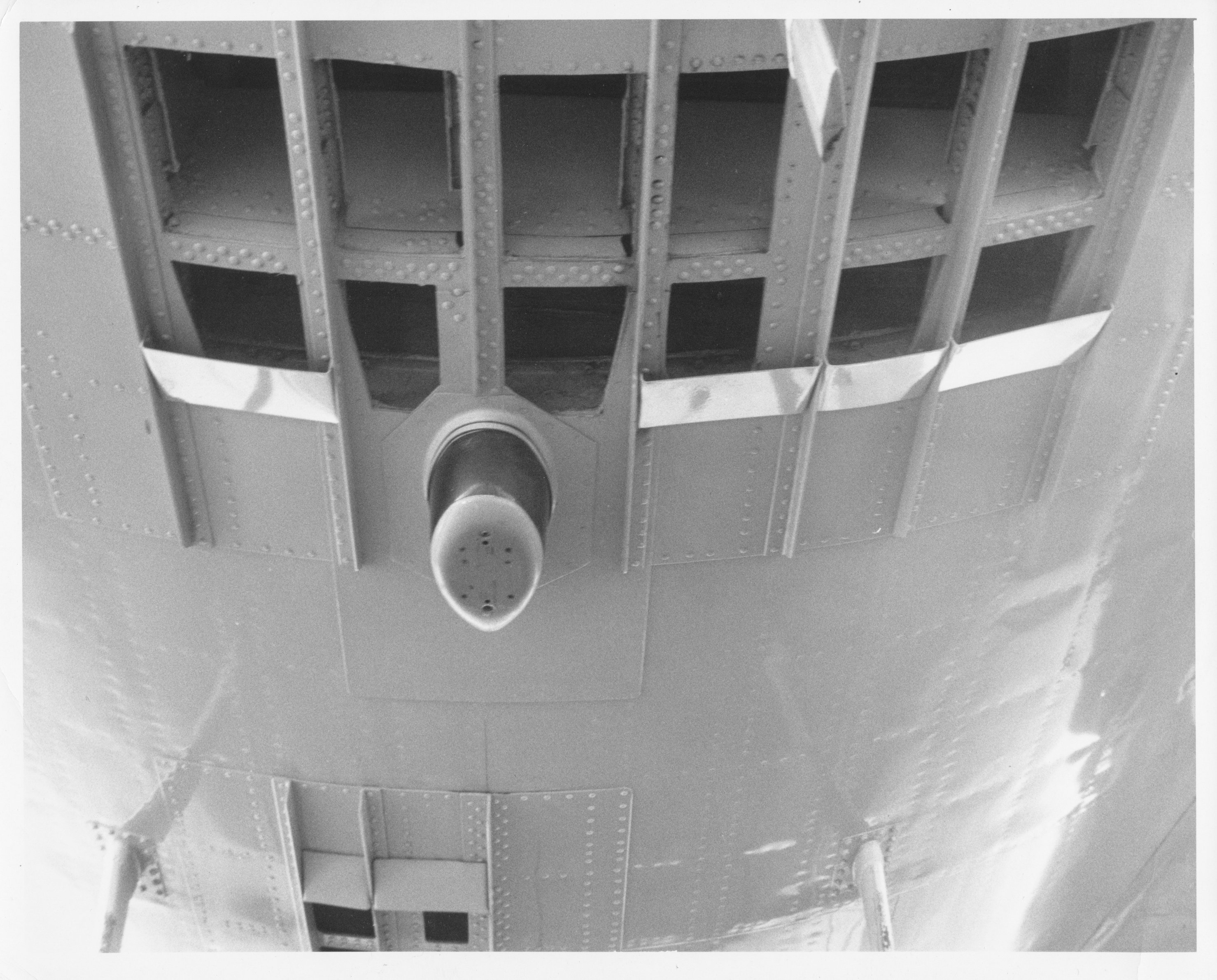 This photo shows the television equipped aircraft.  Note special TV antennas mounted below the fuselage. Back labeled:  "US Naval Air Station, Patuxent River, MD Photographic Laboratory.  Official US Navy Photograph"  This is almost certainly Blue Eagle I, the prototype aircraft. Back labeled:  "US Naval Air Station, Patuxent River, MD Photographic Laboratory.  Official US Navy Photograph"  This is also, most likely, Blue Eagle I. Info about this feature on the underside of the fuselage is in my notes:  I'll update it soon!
---+---
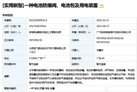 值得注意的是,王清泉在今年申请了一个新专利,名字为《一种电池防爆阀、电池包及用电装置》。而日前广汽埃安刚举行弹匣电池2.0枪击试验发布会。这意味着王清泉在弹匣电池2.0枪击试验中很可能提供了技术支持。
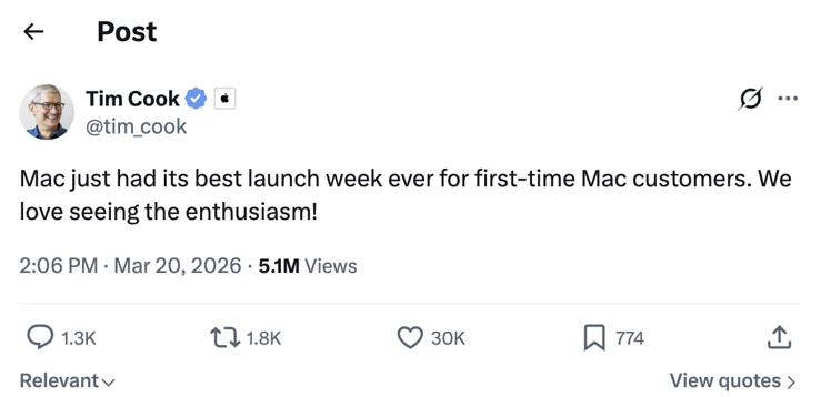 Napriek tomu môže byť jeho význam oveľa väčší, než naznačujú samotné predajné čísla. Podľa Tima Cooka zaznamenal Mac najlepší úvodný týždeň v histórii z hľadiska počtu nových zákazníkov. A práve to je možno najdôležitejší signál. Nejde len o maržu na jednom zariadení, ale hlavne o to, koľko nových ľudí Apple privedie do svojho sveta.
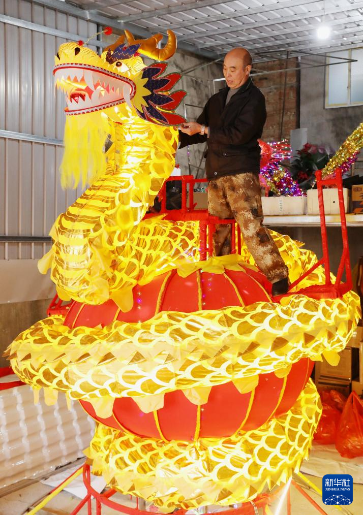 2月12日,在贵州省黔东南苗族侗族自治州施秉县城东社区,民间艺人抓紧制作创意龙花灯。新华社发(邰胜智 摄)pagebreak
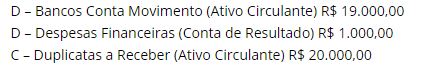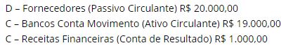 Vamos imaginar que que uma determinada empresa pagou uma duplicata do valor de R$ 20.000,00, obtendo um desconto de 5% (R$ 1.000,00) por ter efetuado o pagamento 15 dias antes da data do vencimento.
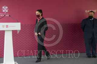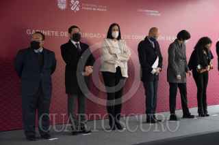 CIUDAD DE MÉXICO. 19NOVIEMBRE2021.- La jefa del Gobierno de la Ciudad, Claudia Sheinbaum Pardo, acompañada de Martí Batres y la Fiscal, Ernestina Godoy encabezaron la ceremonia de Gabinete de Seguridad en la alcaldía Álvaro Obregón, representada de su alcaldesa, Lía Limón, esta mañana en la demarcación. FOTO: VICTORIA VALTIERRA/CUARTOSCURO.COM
---+---
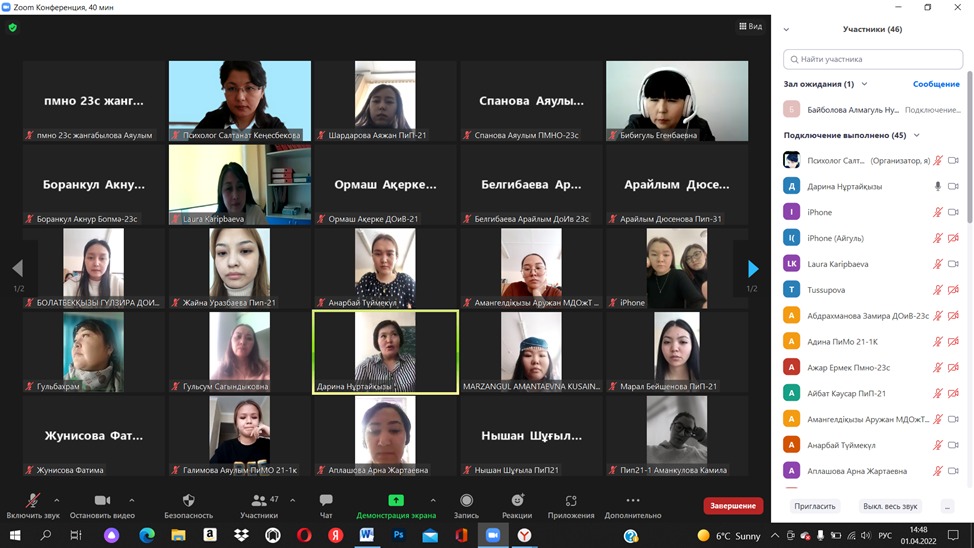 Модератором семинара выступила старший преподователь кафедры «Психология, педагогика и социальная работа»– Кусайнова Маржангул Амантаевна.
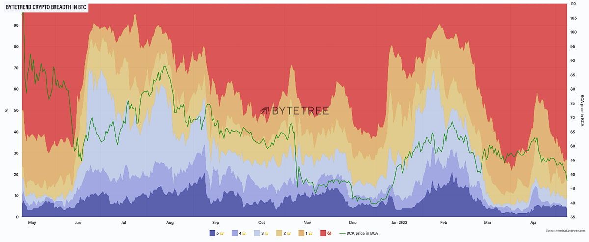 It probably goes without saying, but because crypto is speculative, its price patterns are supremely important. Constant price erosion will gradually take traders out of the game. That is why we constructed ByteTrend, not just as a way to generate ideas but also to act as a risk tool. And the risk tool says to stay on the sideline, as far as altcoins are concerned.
---+---
YOUR GOAL: The data above holds the lines to copy: start at the one with "2月12日,在贵州省黔东南苗", stop at the one with "CIUDAD DE MÉXICO.", include both, copy them exactly without pictures, and copy nothing else.

RESULT OF THE TASK:
 2月12日,在贵州省黔东南苗族侗族自治州施秉县城东社区,民间艺人抓紧制作创意龙花灯。新华社发(邰胜智 摄)pagebreak
 Vamos imaginar que que uma determinada empresa pagou uma duplicata do valor de R$ 20.000,00, obtendo um desconto de 5% (R$ 1.000,00) por ter efetuado o pagamento 15 dias antes da data do vencimento.
 CIUDAD DE MÉXICO. 19NOVIEMBRE2021.- La jefa del Gobierno de la Ciudad, Claudia Sheinbaum Pardo, acompañada de Martí Batres y la Fiscal, Ernestina Godoy encabezaron la ceremonia de Gabinete de Seguridad en la alcaldía Álvaro Obregón, representada de su alcaldesa, Lía Limón, esta mañana en la demarcación. FOTO: VICTORIA VALTIERRA/CUARTOSCURO.COM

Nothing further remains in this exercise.